WHAT YOU ARE ASKED TO DO> Omit all pictures. Copy exactly the lines from the line containing "- 孵化場と養魚場での発電実証では約0.4kWの安定した発電が行われた。" to the end of the listing, with both ends included.

•••

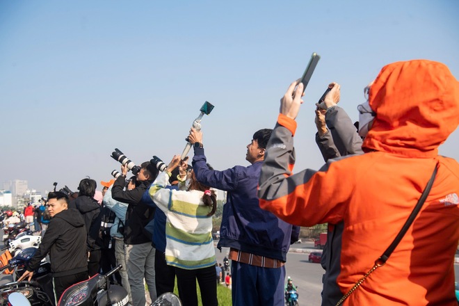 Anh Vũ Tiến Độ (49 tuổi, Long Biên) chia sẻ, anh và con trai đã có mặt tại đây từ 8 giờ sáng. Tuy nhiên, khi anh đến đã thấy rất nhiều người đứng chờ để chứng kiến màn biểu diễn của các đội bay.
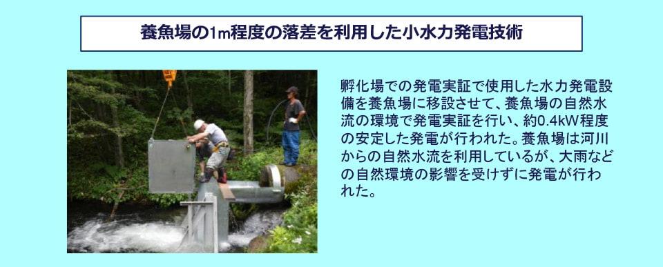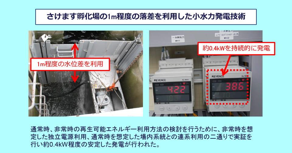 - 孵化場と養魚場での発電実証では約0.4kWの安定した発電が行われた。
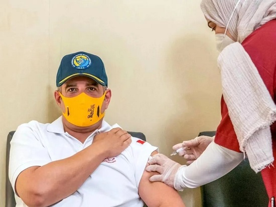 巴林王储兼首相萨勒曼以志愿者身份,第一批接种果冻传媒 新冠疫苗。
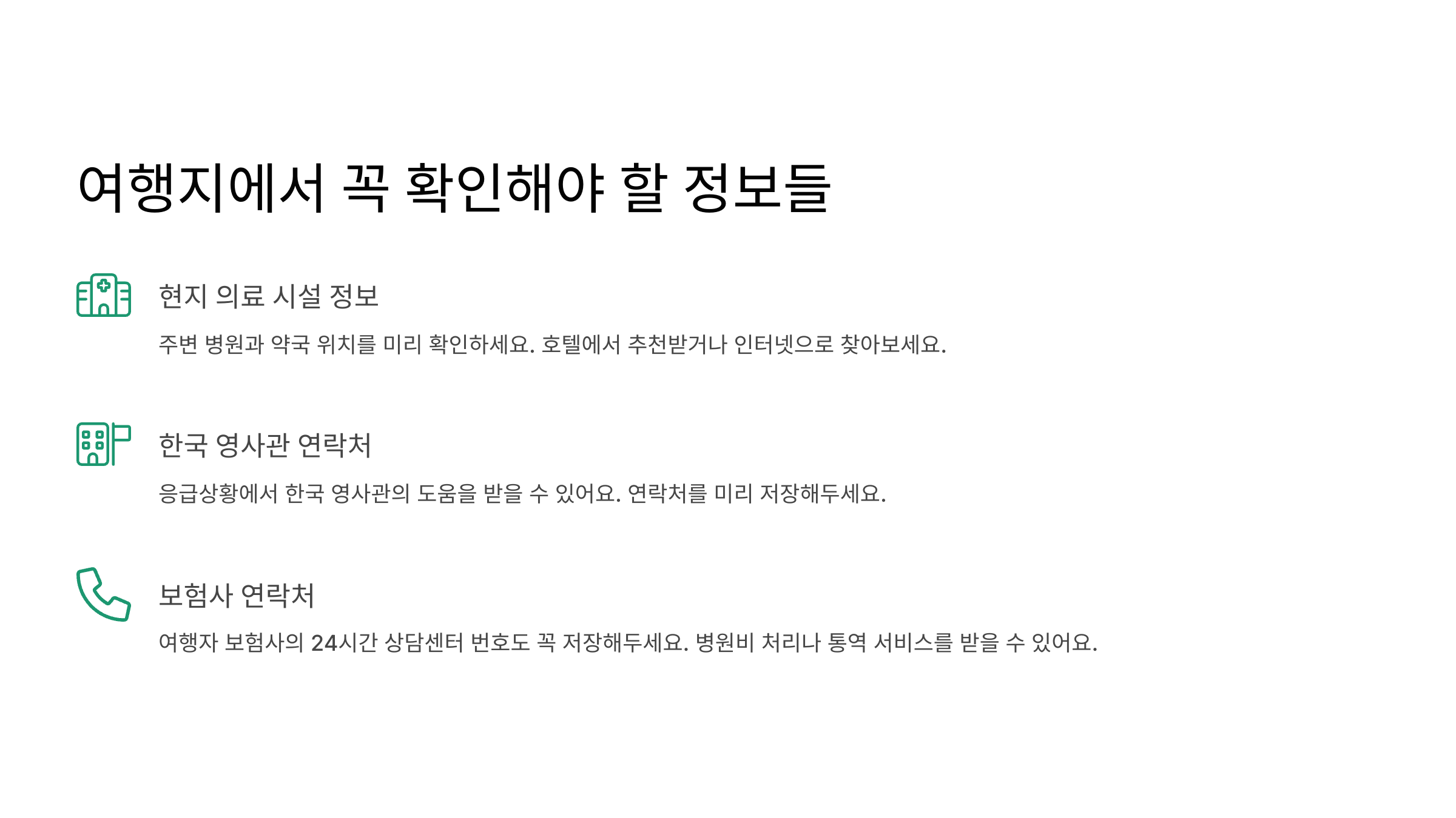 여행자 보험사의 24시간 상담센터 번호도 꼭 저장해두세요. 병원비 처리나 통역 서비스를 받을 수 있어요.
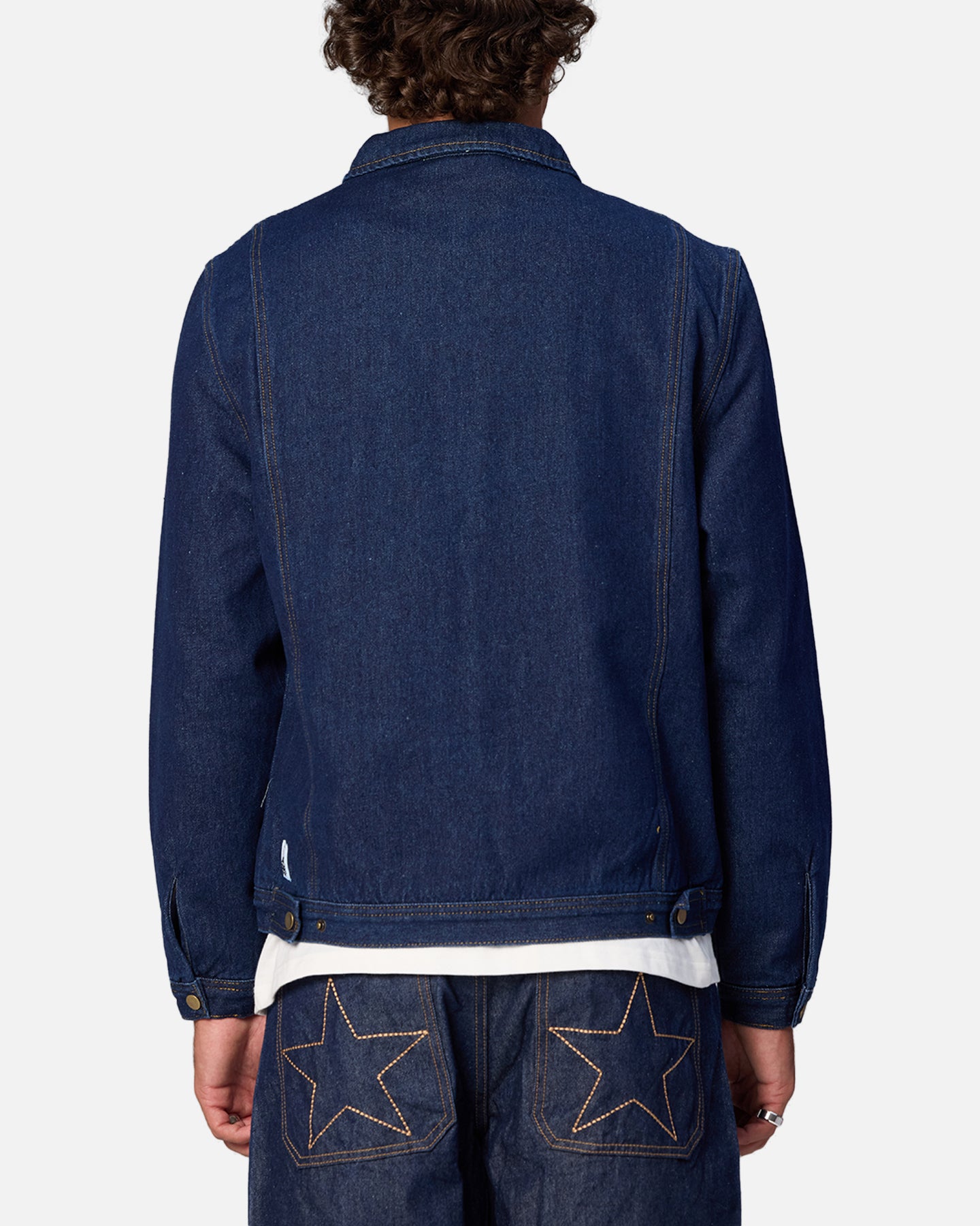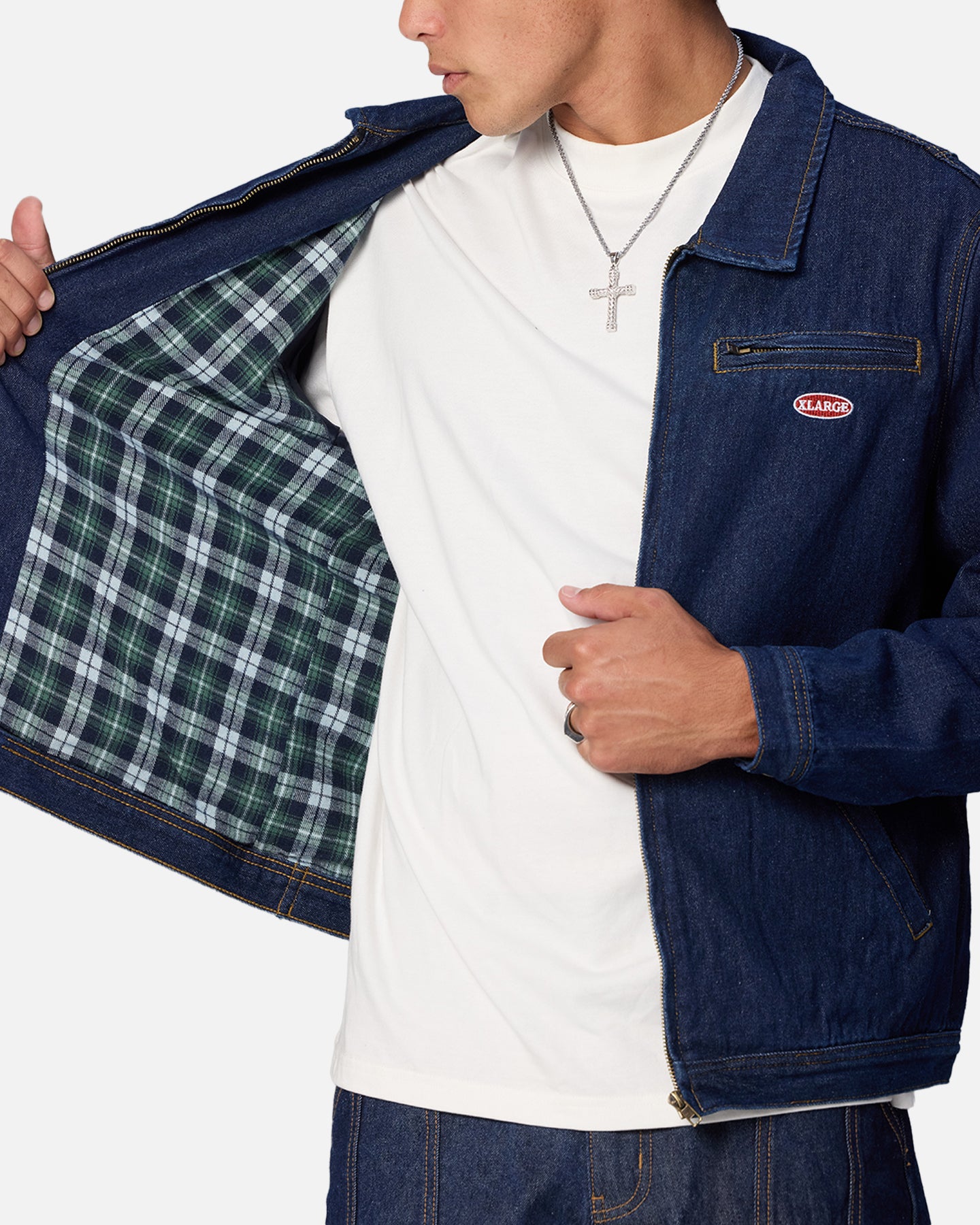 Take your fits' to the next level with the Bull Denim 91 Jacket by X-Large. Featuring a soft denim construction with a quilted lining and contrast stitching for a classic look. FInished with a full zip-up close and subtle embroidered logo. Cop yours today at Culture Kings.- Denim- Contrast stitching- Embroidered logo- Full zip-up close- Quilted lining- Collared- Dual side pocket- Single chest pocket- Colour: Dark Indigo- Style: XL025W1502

•••

ANSWER BELOW>
 - 孵化場と養魚場での発電実証では約0.4kWの安定した発電が行われた。
 巴林王储兼首相萨勒曼以志愿者身份,第一批接种果冻传媒 新冠疫苗。
 여행자 보험사의 24시간 상담센터 번호도 꼭 저장해두세요. 병원비 처리나 통역 서비스를 받을 수 있어요.
 Take your fits' to the next level with the Bull Denim 91 Jacket by X-Large. Featuring a soft denim construction with a quilted lining and contrast stitching for a classic look. FInished with a full zip-up close and subtle embroidered logo. Cop yours today at Culture Kings.- Denim- Contrast stitching- Embroidered logo- Full zip-up close- Quilted lining- Collared- Dual side pocket- Single chest pocket- Colour: Dark Indigo- Style: XL025W1502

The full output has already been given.